THE RHESUS ANTIGEN (RH) & Placenta Encapsulation
Amazingly, the placenta is the only organ compatible with two sets of blood types and genes. This is because of the above described inner-placental barrier structure. This allows for situations when a mother who is Rhesus negative (Rh-) has a spouse and baby who are Rhesus positive (Rh+). It has been suggested that raw placental consumption just after delivery can suppress the immunological response of creating antibodies should mom and baby’s blood intermingle.
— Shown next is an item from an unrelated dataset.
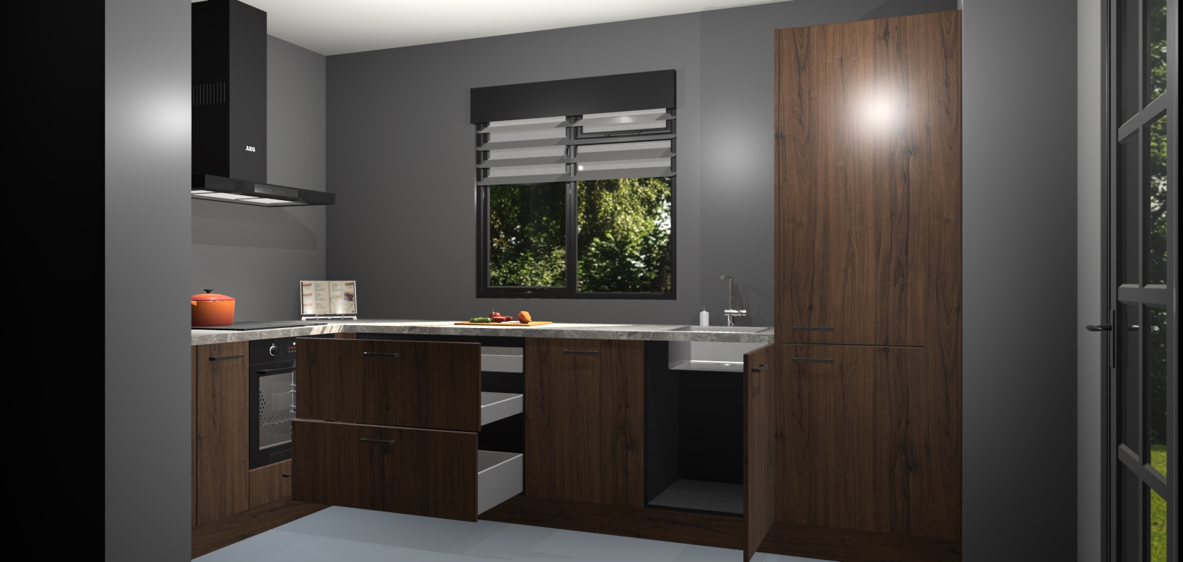 Moedige modernisten! De Noten keuken Luzern is het perfecte antwoord op al uw keukendromen. Dit geraffineerde, tijdloze ontwerp combineert strakke kasten zodat u die dure look krijgt zonder het dure prijskaartje. We weten dat planning en uitvoering de sleutels zijn tot een geslaagde keukenrenovatie, dus hebben we ervoor gezorgd dat we vijf inbouwapparaten in ons pakket hebben: een oven, inductiekookplaat, afzuigkap, vaatwasser en koelkast. Deze kunnen na bestelling gemakkelijk worden uitgebreid voor nog meer gemak.

Every person is either Rhesus antigen positive (Rh+) or Rhesus antigen negative (Rh-). This means you either have the Rhesus protein in your red blood cells (+), or you don’t (-). Most of the population is RH positive, in fact, some demographics are 99% positive. When both parents are Rh positive, the baby will be Rh positive. When both parents are Rh negative, the baby will be Rh negative. When one parent is Rh positive, and the other is Rh negative, the baby can be either. During pregnancy, the mother’s physician will check her blood type. If she is Rh-, she will be given a Rhogam shot at about 28 week’s gestation and then again after the baby is born. This shot may help prevent complications she is at risk for if her blood is incompatible with her baby’s Rh-positive blood. The complications from Rh incompatibility usually do not affect the mother’s first baby, but once Rh antibodies have been produced, all future Rh-positive babies are at risk.
Complications may occur when a Rh-negative woman carries a Rh-positive baby, and small numbers of the baby’s red blood cells enter the mother’s bloodstream. The mother’s immune system produces antibodies against the baby’s Rh-positive red blood cells. Once the mother is exposed to even a small number of red blood cells, she has been sensitized and will develop anti-D antibodies; administering a Rh immune globulin product will no longer be effective. A blood test can determine maternal sensitization, and the care provider will monitor the pregnancy for symptoms. When the maternally-produced antibodies pass to the baby, they destroy the baby’s Rh-positive red blood cells which may cause anemia (low red blood cell count), jaundice, and in severe cases, heart failure. Subsequent pregnancies are at particular risk of miscarriage as well the physical and mental impairment of the child.
When considering Placental Stem Cell support, many parents ask about the RH factor. With any tissue transplant, the main concerns include infection and tissue rejection. In graft versus host disease (GVHD), the immune system reads the placental tissue as foreign material and attacks any donated cells. GVHD symptoms come from strain on the liver as it tries to eliminate foreign cells from the body at amounts that cause such organ strain that damage results. This can happen, for example, when the body has had a kidney transplant, and the T-cells are literally trying to dismantle and remove an entire kidney. Similar to kidney transplants, the Rh factor (positive or negative) does not have to be a match between donor and recipient, nor does the blood type have to match since these are not factors that affect the cell’s functioning.
Conclusion: The Rh factor (positive or negative) and blood type do not have to match between donor and recipient.